TASK DIRECTIONS =>
Transcribe every record as it stands and set the images aside.

DATASET RECORDS =>

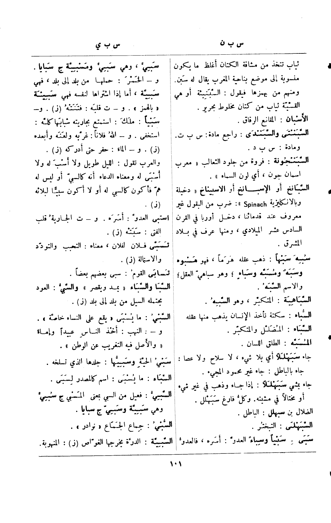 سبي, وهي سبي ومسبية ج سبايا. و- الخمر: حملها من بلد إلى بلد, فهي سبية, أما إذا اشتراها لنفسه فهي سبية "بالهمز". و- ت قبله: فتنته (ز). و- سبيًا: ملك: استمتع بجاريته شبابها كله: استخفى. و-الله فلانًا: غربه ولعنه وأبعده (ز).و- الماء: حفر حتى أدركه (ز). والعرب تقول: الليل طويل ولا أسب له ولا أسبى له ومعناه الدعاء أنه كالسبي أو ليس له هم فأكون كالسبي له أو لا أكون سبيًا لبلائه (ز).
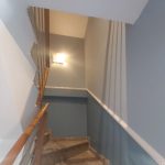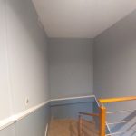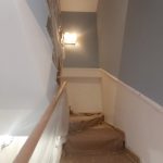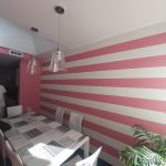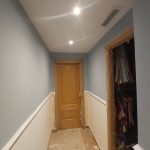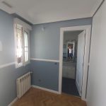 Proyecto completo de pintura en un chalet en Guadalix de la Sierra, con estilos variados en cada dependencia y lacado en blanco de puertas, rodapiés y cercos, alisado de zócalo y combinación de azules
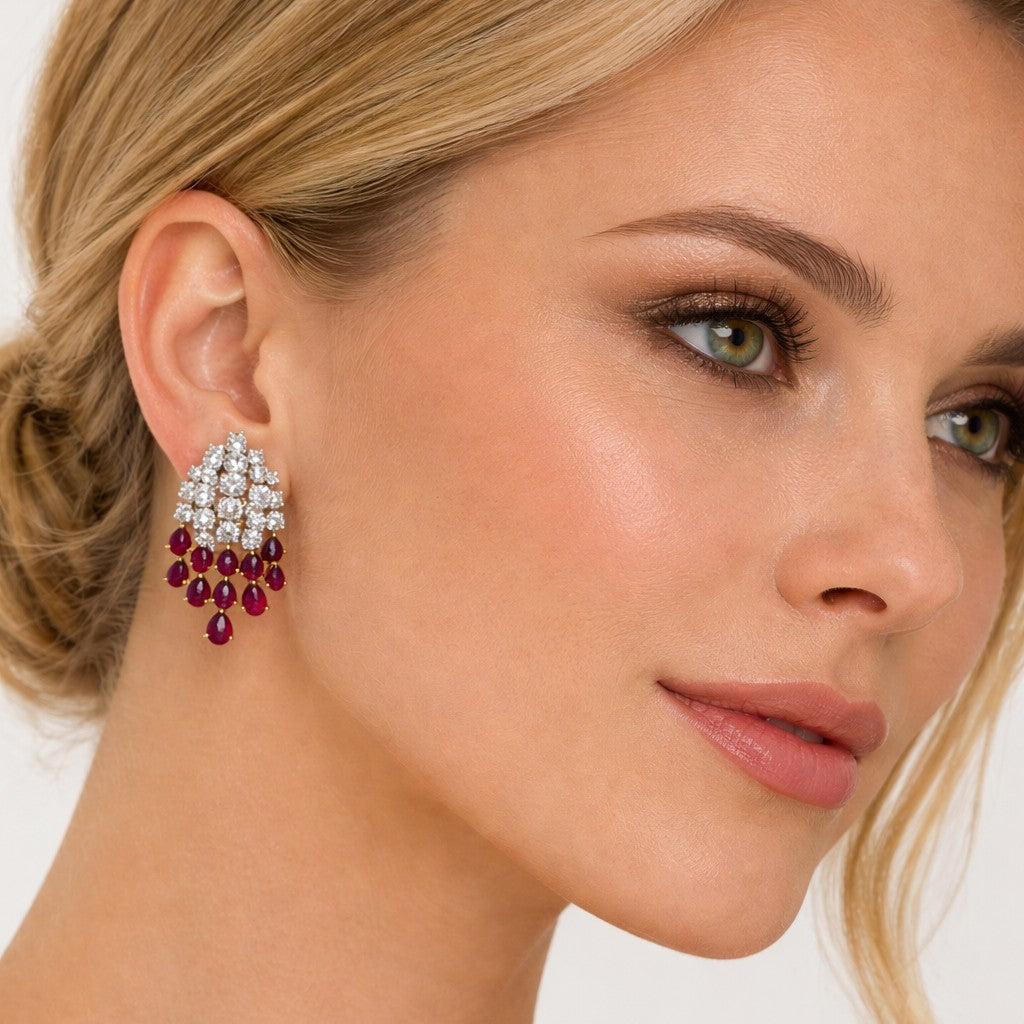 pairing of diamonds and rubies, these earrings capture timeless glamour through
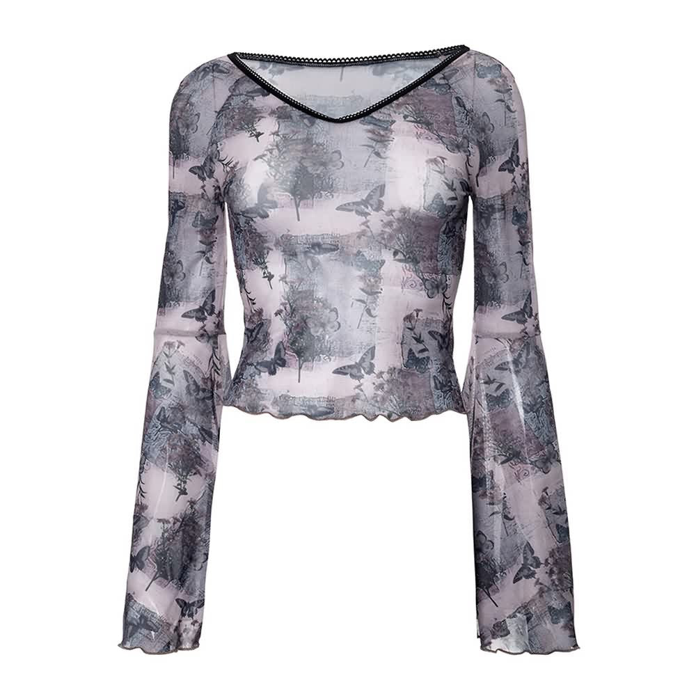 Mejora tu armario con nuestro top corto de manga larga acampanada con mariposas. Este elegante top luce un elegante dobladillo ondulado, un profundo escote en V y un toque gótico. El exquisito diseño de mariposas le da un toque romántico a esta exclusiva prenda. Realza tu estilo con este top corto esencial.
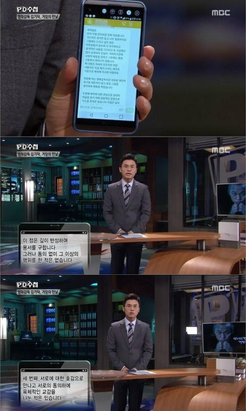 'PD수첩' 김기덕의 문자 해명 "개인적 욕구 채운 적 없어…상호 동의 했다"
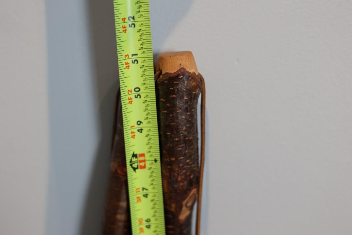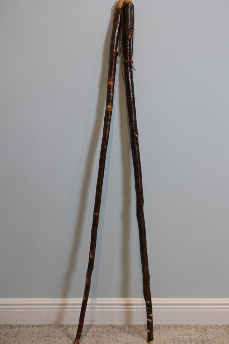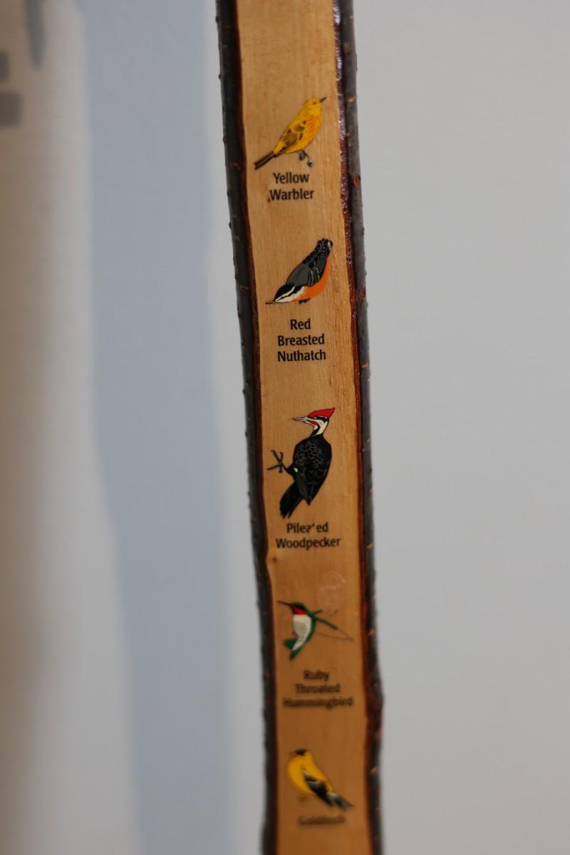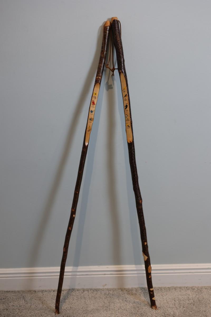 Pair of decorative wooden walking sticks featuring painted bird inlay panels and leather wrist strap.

EXPECTED OUTPUT =>
 سبي, وهي سبي ومسبية ج سبايا. و- الخمر: حملها من بلد إلى بلد, فهي سبية, أما إذا اشتراها لنفسه فهي سبية "بالهمز". و- ت قبله: فتنته (ز). و- سبيًا: ملك: استمتع بجاريته شبابها كله: استخفى. و-الله فلانًا: غربه ولعنه وأبعده (ز).و- الماء: حفر حتى أدركه (ز). والعرب تقول: الليل طويل ولا أسب له ولا أسبى له ومعناه الدعاء أنه كالسبي أو ليس له هم فأكون كالسبي له أو لا أكون سبيًا لبلائه (ز).
 Proyecto completo de pintura en un chalet en Guadalix de la Sierra, con estilos variados en cada dependencia y lacado en blanco de puertas, rodapiés y cercos, alisado de zócalo y combinación de azules
 pairing of diamonds and rubies, these earrings capture timeless glamour through
 Mejora tu armario con nuestro top corto de manga larga acampanada con mariposas. Este elegante top luce un elegante dobladillo ondulado, un profundo escote en V y un toque gótico. El exquisito diseño de mariposas le da un toque romántico a esta exclusiva prenda. Realza tu estilo con este top corto esencial.
 'PD수첩' 김기덕의 문자 해명 "개인적 욕구 채운 적 없어…상호 동의 했다"
 Pair of decorative wooden walking sticks featuring painted bird inlay panels and leather wrist strap.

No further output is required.